Story engineering also identifies a key scenes at the beginning, middle, and end of each part of the book. These include:
- The hook, which are the first sentences of the story and responsible for drawing you in
- Inciting incident, the first action after the hook that establishes some kind of initial problem
- The first plot point, where the status quo you introduce gets changed. This forms the transition from setup to response
- The first pinch point, a challenge or problem introduced halfway through the response, which raises the stakes
- The midpoint, a scene where something changes or falls into place to let the protagonist take control of the action. This serves as the transition between the response and the attack.
- The second plot point, which happens halfway through the attack and sets the story on its final course toward the climax
- The climax, which wraps everything up with tension and a general sense of awesomeness.

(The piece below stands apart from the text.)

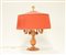 Manifattura di Murano. Lampada da tavolo a quattro luci a forma di candeliere. Paralume in tessuto rosso plissettato (h cm 48)(lievi difetti)

On your whiteboard, write a brief description of each of these points in the book. From our examples so far, we might see each of these as:
Hook: a funny scene of waking up in a weird position and being just sooooo bored
Inciting incident: getting bullied on the way to school
First Plot Point: meeting the ninja in a janitor’s closet
First Pinch Point: the ninja promises to teach our kid if he passes a difficult riddle or physical challenge
Midpoint: our kid finishes his ninja training and prepares to return to school
Second Plot Point: a confrontation with the bully which leads toward the lunchtime confrontation
Climax: the big ninja food fight and ultimate victory
Those seven points will give you the skeleton of your story from start to finish. Your next task is to add the muscle and flesh and connective tissue, either by expanding the outline or beginning to write.
Let’s Get Started
Give this a try with your newest work, or even with your current work in progress. Get a blank art pad (I recommend the ones at your local dollar store), open it up and start with that first point. From there, you just fill in the blanks until your outline is ready.
One Last Important Note
Always remember that your outline is a starting point. You won’t finish the outline with every single detail and inspiration already fully formed in your mind. While you’re writing, if you suddenly get a great idea, you should follow it. It’s okay to change the plan, but changing an existing plan is always better than trying to move forward without a plan in the first place.
An outline is a tool, not a straitjacket. Use it to get started, then see how far you can go.